### Data listing
----------------

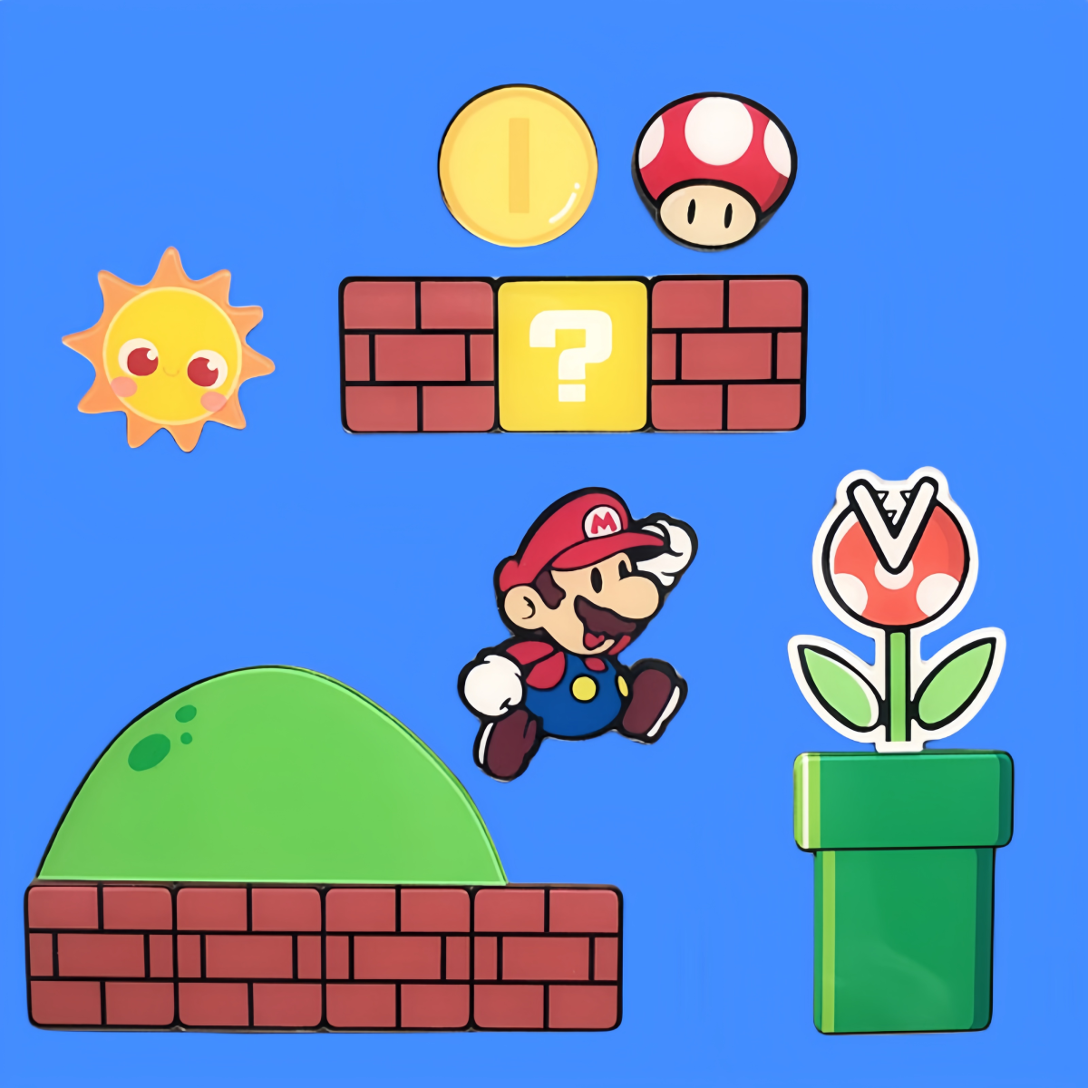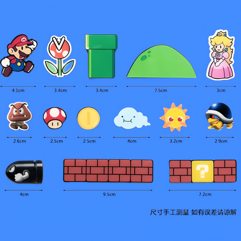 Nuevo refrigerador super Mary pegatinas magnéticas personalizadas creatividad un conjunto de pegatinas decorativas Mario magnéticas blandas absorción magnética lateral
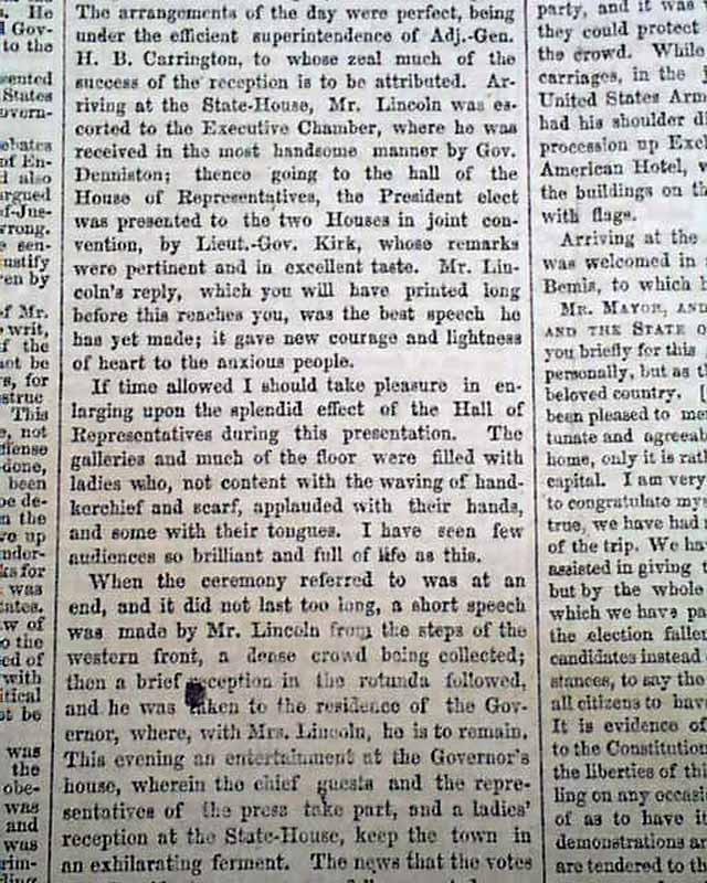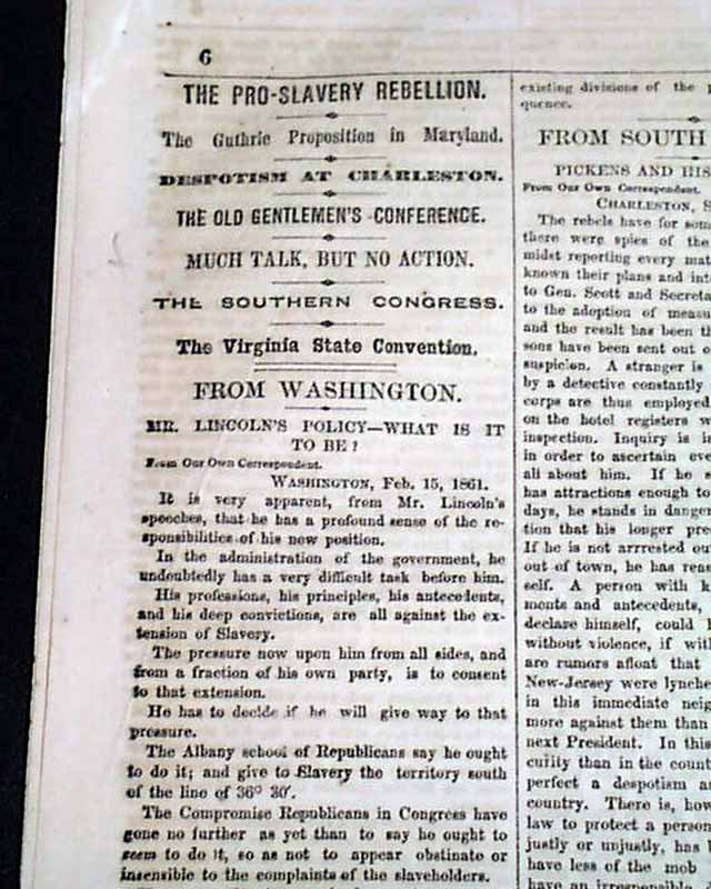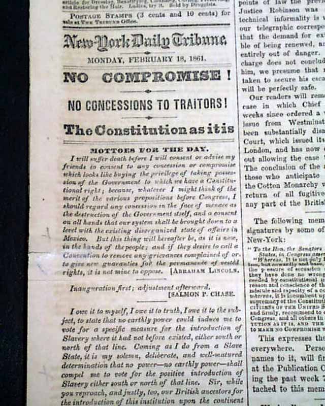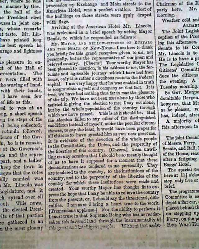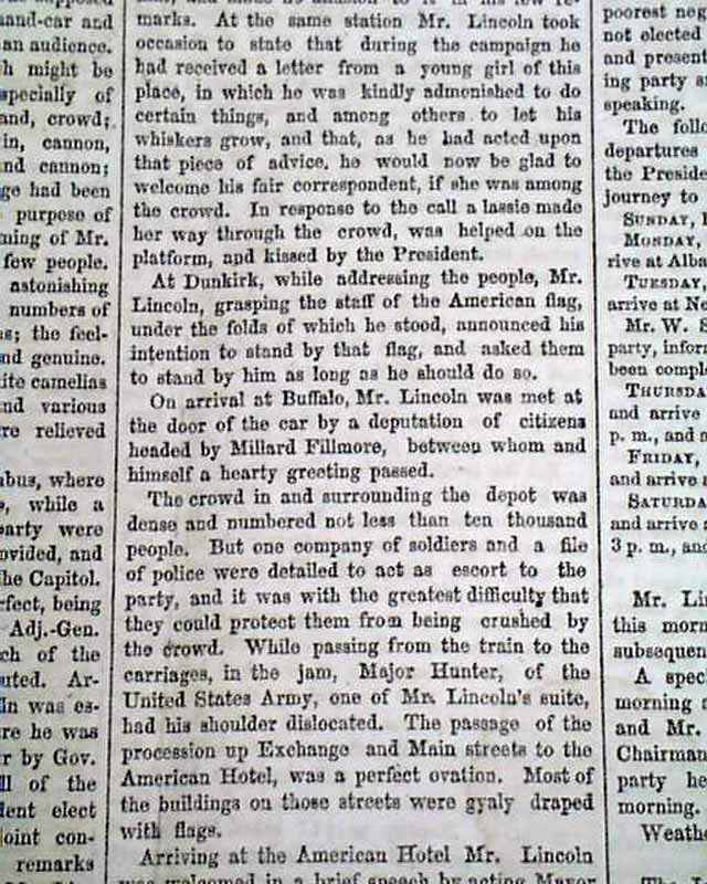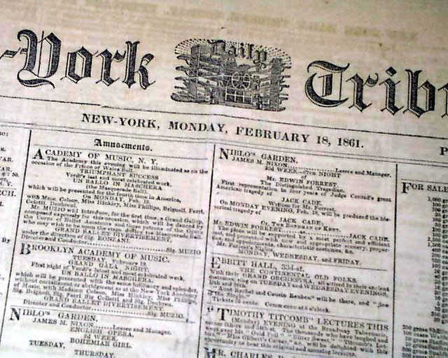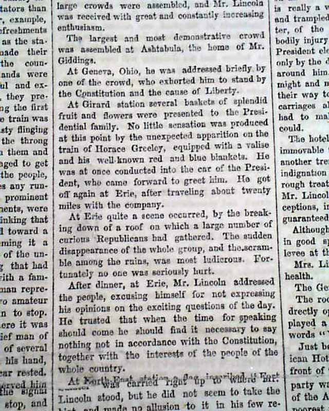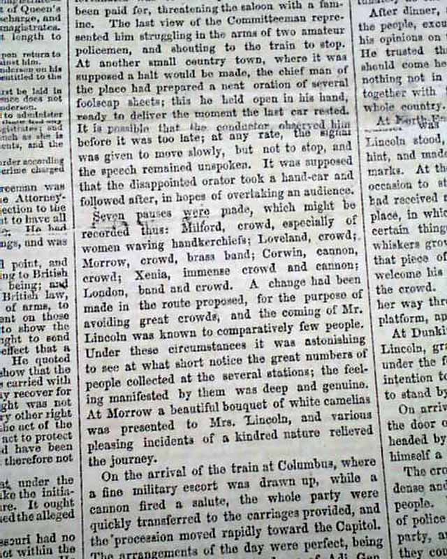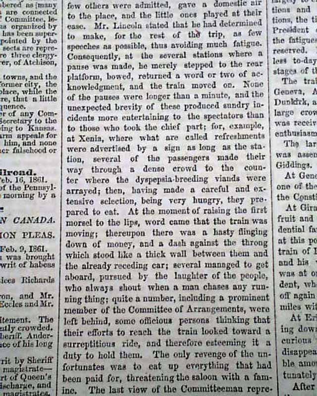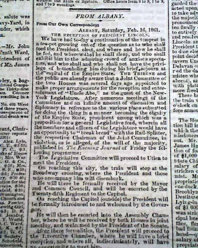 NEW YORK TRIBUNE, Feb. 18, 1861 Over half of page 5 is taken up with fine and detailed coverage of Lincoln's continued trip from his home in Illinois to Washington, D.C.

----------------

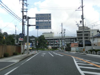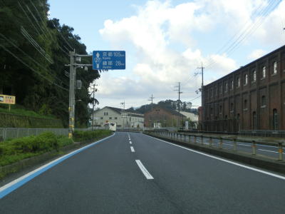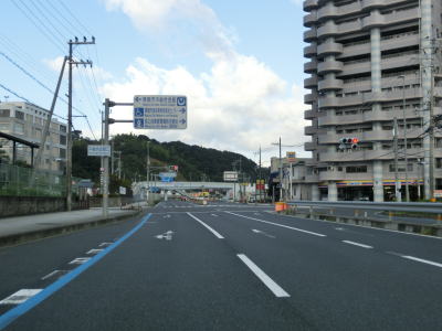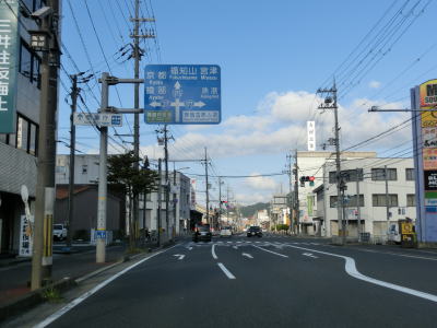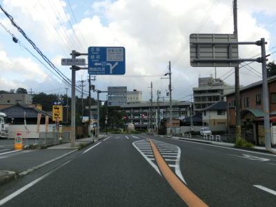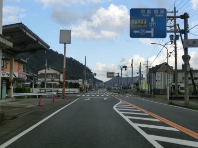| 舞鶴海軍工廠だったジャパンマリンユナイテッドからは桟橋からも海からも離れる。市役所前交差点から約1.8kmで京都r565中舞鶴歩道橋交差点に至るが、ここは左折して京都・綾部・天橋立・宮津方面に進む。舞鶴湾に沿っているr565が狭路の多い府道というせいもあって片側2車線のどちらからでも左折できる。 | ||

----------------

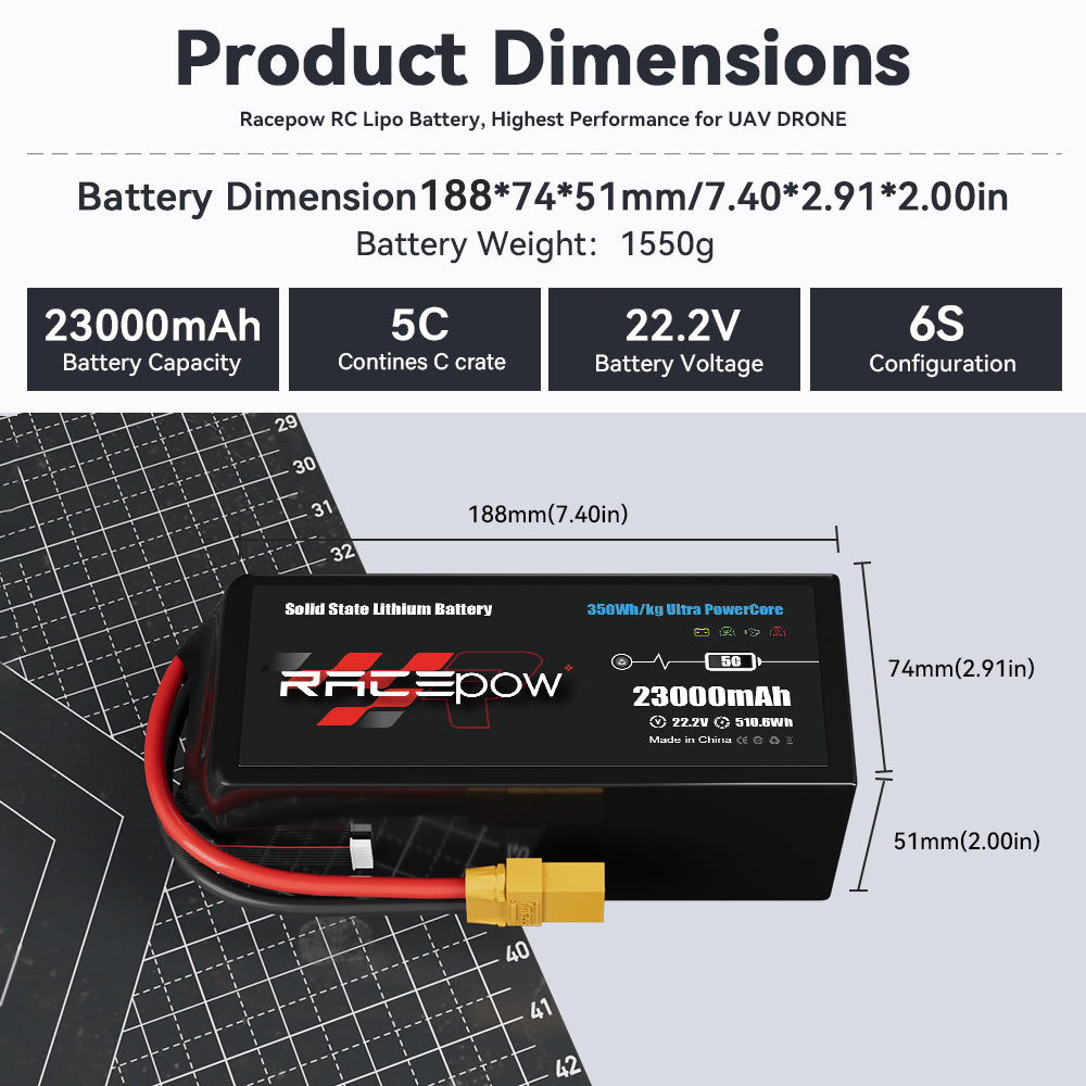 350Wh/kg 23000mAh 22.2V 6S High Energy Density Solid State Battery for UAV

----------------

### About this task
Give back exactly, and solely, the section of the data above bounded by the line containing "Nuevo refrigerador super" and the line containing "NEW YORK TRIBUNE, Feb.", both bounding lines included and pictures omitted.

### Output of the task
 Nuevo refrigerador super Mary pegatinas magnéticas personalizadas creatividad un conjunto de pegatinas decorativas Mario magnéticas blandas absorción magnética lateral
 NEW YORK TRIBUNE, Feb. 18, 1861 Over half of page 5 is taken up with fine and detailed coverage of Lincoln's continued trip from his home in Illinois to Washington, D.C.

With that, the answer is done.